My brother’s kid, the one with leukemia, will get sicker still.

Here’s another story. I met my wife on the subway. I was on my way to a basketball game when Bobby Erlich, the paraplegic, came wheeling into the subway car, displaying his amputated limbs. OK, not really. I would often hear the door at the end of the car open, however, and I would think, Here comes Erlich. Any desperate life form that entered the space, Evening, ladies and gentlemen, sorry to interrupt and I don’t mean no one no harm but I am homeless and trying to get money for my three kids. I’m currently living here on the trains with my family. Any unfortunate was the harbinger of a celestial accounting for yours truly, Let there now be penitence. Know what I mean? That night even worse things came to pass. I had changed for the Seventh Avenue line at Times Square, and by habit I waited near the rear of the train, the empty car; if you’re ever going to know that this visible earth is only a splinter of the mystical action spinning out around you, figure on the last car. I was sitting down on the empty bench at the front end of the last car, with a book, probably something required for a class at Queens College, let’s say Plato’s Apologia, And now, O men who have condemned me, I would fain prophesy to you; for I am about to die, and in the hour of death men are gifted with prophetic power.
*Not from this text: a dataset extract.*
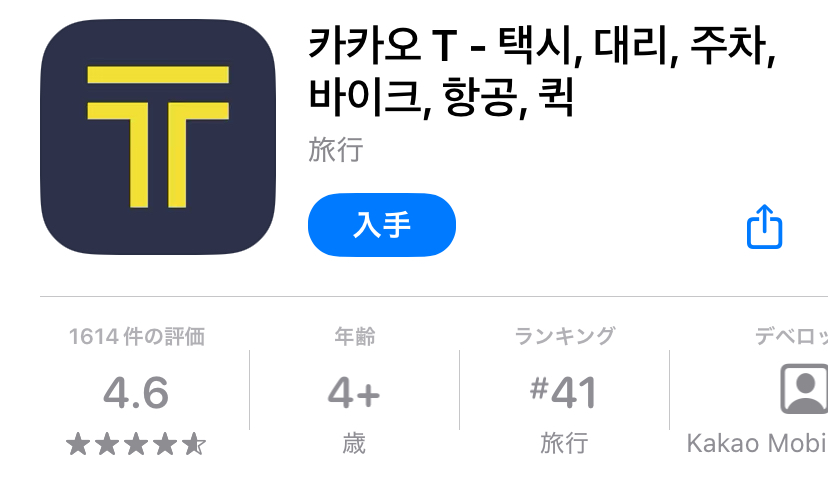 まずは、カカオタクシーのアプリをApple StoreやGoogle Playから無料でダウンロードします。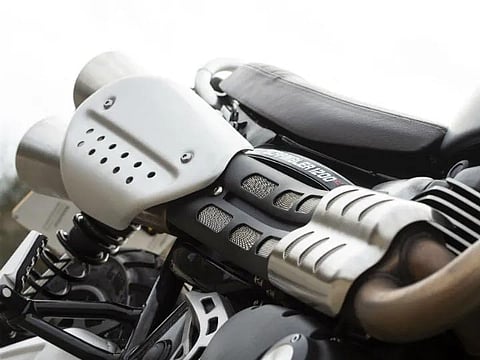 The upswept scrambler-style exhaust has a deep, bassy rumble, but can get quite hot at slow speeds and at standstill. It also has the potential to singe your right calf when you decide to grip the bike, standing up on the pegs.

Besides, nobody on earth messes with you if you’ve reading the classics. Just as I had arranged myself on this bench, and opened my book, I heard this guy coming down the stairs, making a real commotion, Hold the train! Hold the train! Ladies swept aside by his assault. You know those stairs at the end of the platform there? How many femurs have become bone meal on that staircase? How many hips replaced?

Hold the train. I could make out his latecomer’s face, as the doors tintinnabulated and converged. He was smiling. This was the train he needed to catch. This was his quarry. Never mind hindrances that developed, the door being closed, the conductor shuttering his window, the train beginning to move, Hold the train. I wish he’d said something more compelling, such as Behold, the Lord maketh the earth empty, and maketh it waste, turneth it upside down, scattereth abroad the inhabitants thereof.

I looked up from the Apologia, saw him smiling. I knew right away. I didn’t want to know. But, like I’ve been trying to tell you, my heart was crenelated with scars of foreknowledge. He was making for that spot where the plates of the two cars abutted. A bisection of chains to keep away the foolhardy. The train lurched forward, I saw the smiler disappear out of the region of my peripheral vision, like a bird of air lifting off. He wore a smile, he grabbed for the chain, got one leg up, his shopping bag went under, there was a silence, there was exertion, he fumbled for the bag slipping down between the cars, there was a span of blackness, there was the third rail, and then he was tumbling after his possessions, down there. Between platform and train. Holy God. The Apologia fell out of my hands. When my sons are grown up, I would ask you, O my friends, to punish them. Just as I saw him lifting off, as in falconry, out of the margin of my weak eyes, I was up off the bench, the train jumped, and there was that awful hydraulic exhalation that means this conveyance is not going to move for a while, this train has met impediment upon the tracks. The entire system of trains, all the hundreds of miles of it, all Gotham knew at once what it had done; its daily imaginings again included gristle, sinew, marrow, plasma. There had been an incident.